A oração continua pedindo auxílio vindo do santuário, lembrança das ofertas apresentadas e realização dos desejos do coração do rei. Há aqui uma verdade importante: Davi não está pedindo que Deus simplesmente abençoe qualquer projeto humano. O rei que busca o Senhor coloca primeiro seus planos diante Dele. Fé não significa elaborar nossa vontade e depois solicitar a assinatura divina. Significa permitir que nossos desejos sejam submetidos ao propósito de Deus antes de entrarmos na batalha.

Então surge a confiança: “Agora sei que o Senhor salva o Seu ungido; Ele lhe responderá do Seu santo céu com a força salvadora da Sua destra.” Observe a mudança. O exército ainda não venceu. A batalha sequer terminou, mas a certeza já nasceu. A fé consegue celebrar antes de possuir o resultado porque sua segurança não depende exclusivamente daquilo que acontecerá, mas do caráter daquele a quem entregou a causa.

É nesse contexto que aparece a declaração central do Salmo: “Uns confiam em carros, outros, em cavalos; nós, porém, nos gloriaremos em o nome do Senhor, nosso Deus.” Carros e cavalos eram instrumentos decisivos de poder militar. Possuí-los significava vantagem, velocidade e força. O problema não estava nos cavalos, mas na confiança depositada neles. Nossos “carros e cavalos” podem assumir outras formas: dinheiro, influência, conhecimento, posição, planejamento, contatos ou nossa própria capacidade. Todas essas coisas podem ser úteis, mas tornam-se perigosas quando esperamos delas a segurança que pertence somente a Deus.

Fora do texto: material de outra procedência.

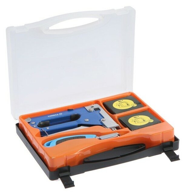 Степлер мебельный в кейсе тундра типы скоб 140/28/300 4 - 14 мм + скобоудалитель скобы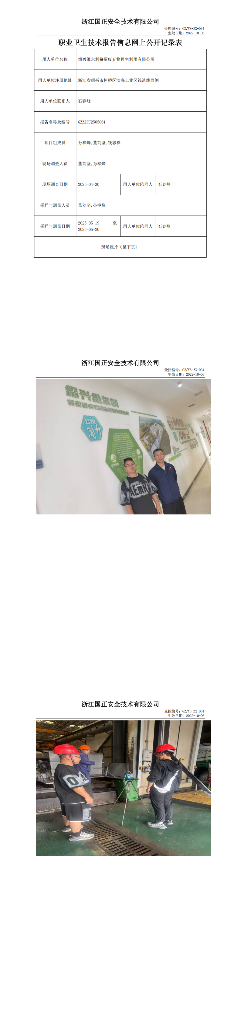 GZZJJC2505061_绍兴维尔利餐厨废弃物再生利用有限公司工作场所职业病危害因素检测报告网上公开信息表

O grande conflito sempre apresenta essa escolha. De um lado está a aparente força daquilo que podemos ver e controlar; do outro, a confiança naquele cuja presença nem sempre enxergamos. O pecado nos ensina a depender de nós mesmos. A graça nos conduz novamente à dependência de Deus, sem transformar essa dependência em passividade. Israel ainda precisava ir à batalha. Confiar no Senhor nunca significou abandonar o dever, mas cumprir o dever sem transformar nossos recursos em ídolos.

Talvez você esteja diante de alguma batalha agora. Prepare-se, trabalhe, planeje e utilize com responsabilidade aquilo que Deus colocou em suas mãos. Mas antes de tudo isso, examine onde repousa sua confiança. Porque haverá momentos em que seus recursos não serão suficientes. Alguns confiam naquilo que possuem, outros naquilo que conseguem fazer. O povo de Deus aprende uma segurança diferente: fazemos tudo aquilo que está ao nosso alcance, mas entramos na batalha sabendo que a vitória nunca esteve nos cavalos — sempre esteve nas mãos do Senhor.